Barry Paperno is a freelance writer and credit scoring expert with decades of consumer credit industry experience, serving as consumer affairs manager for FICO (formerly Fair Isaac Corp.) and consumer operations manager for Experian. He writes “Speaking of Credit,” a weekly reader Q&A column about credit scoring and rebuilding credit, for CreditCards.com. His writings about credit scoring have appeared in The Huffington Post, MSN Money, CBS Money Watch and other consumer finance websites.
Dear Speaking of Credit,
I have three credit cards through one company. If I combine them all into one, the one I’ve had the longest and that has the lowest interest rate, will that hurt my credit? – Harmony
You certainly have the right idea, transferring your higher-interest balances onto the lower-interest card. Not only will you apply more of your monthly payments to principal and less on interest, but you will have to make one, not three, of them each month. Good move!

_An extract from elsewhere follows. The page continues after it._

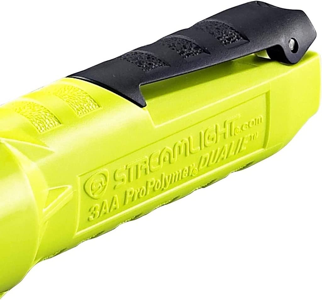 See what's ahead of you and around you with the intrinsically safe3AA ProPolymer Dualie. It produces a focused spot light and soft flood lightto illuminate your work area and help to avoid slips, trips and falls.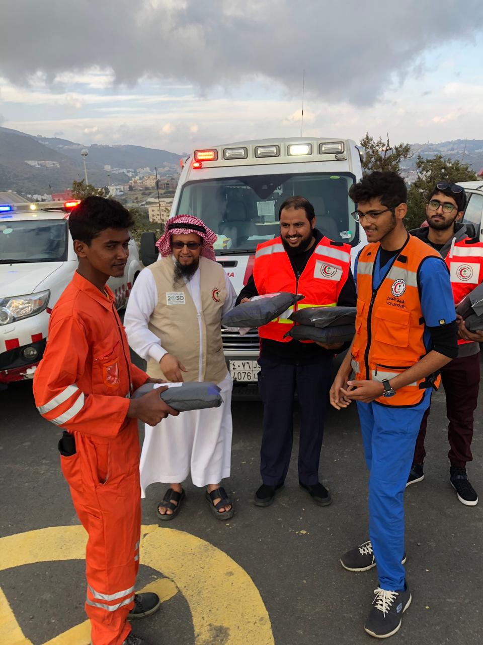 و كان ختام الفعاليات ليوم التطوع قيام عدد من المتطوعين بتوزيع كسوة الشتاء لعدد من العاملين بقسم النظافة بأمانة الباحة بمشاركة مدير عام الفرع و مساعدهـ للشئون الإسعافية وعدد من المتطوعين والمسعفين بالهيئة .

When combining card balances, typically using a balance transfer offer from your card company, your big credit scoring concerns should be over how the transfer affects the following factors:
- Credit utilization calculations (balance/credit limit).
Here credit usage is examined using the proportion of a card’s balance to its credit limit, both individually and for all cards combined. Lower utilization percentages lead to higher scores.

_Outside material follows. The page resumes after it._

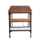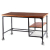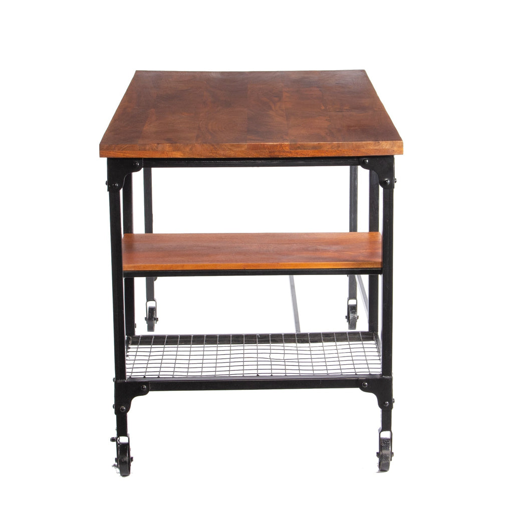 Accentuate your home office space with the inclusion of this spacious desk, exhibiting industrial design. The rectangular top and one side shelf of this table is constructed using Mango wood and supported by tubular metal base, accented in powder coated black finish that provides a perfect contrast with the brown finish. It comes with two side side shelves which includes one a mesh design bottom shelf and one wooden shelf which provides a great space to store your files, books, and other related items. The open space on the other side offers a free leg area while the stretcher bolsters the base and doubles as a footrest. The four caster wheels makes it easy to relocate and comes with a lock function.

- Average account age calculations (combined number of months since the open date for all credit accounts/number of accounts).
This is one of the ways the scoring formula measures how long you’ve been using credit; the higher the average account age, the higher your score.
Yours is a balance transfer situation in which no new account is being opened, nor are you adding to or taking away from your current card debt. When it comes to calculating your score, you’re simply moving money around.
Still, while your combined utilization may remain the same, expect to see some serious changes to those individual utilization percentages, as the card receiving the two balances sees its utilization rise, while the other two drop to 0 percent.
Video: What is your credit utilization ratio?
Since the total amount you owe will generally remain the same after the transfers, your credit score should not change more than a few points higher or lower than when there were three separate balances.
Open versus closed cards
When trying to boost your score, it’s important to understand that this reassuring prediction of little, if any, score change applies only when you leave all cards open after the transfers.
The lines of credit on the paid-off cards must remain open if the low percentages brought on by the now-$0 balances are to be included in your combined utilization. Were you to close them, your total balance would make up a higher portion of your available credit, leading to a lower score.
Average account age
Contrary to popular belief, closing a card won’t exclude its positive history from your credit report or the credit-scoring calculations that measure the age of your credit accounts. Yet there can be a future as well as a present downside to closing cards.
While open cards can remain on your credit report forever, a closed card will usually be removed after 10 years. The impact to your score at that time will be as if all of the positive credit history associated with that card over many years simply never happened.
Perhaps the worst scoring impacts felt from the loss of an old account in good standing occur within the length of credit history scoring category, which contributes about 15 percent of your score points. The three major sets of score factors measuring the length of your credit track record are:
- Average account age.
- Age of oldest account.
- Age of newest account.
With all such factors, longer lengths of time are always better for your score. So you’ll want to avoid reducing them due to:
- Closed accounts, that are likely to lower average account age and possibly reduce the age of your oldest account.
- New accounts, that can also lower the average account age as well as the age of the newest account.
In other words, just don’t close (or open) any cards. But this doesn’t mean do nothing. In order to hang onto those open cards for as long as possible, you’ll want to prevent the card issuers from closing them due to extended inactivity.
Therefore, use all open cards every few months or so – paying within the grace period to avoid interest – to keep them contributing positively and indefinitely to your score.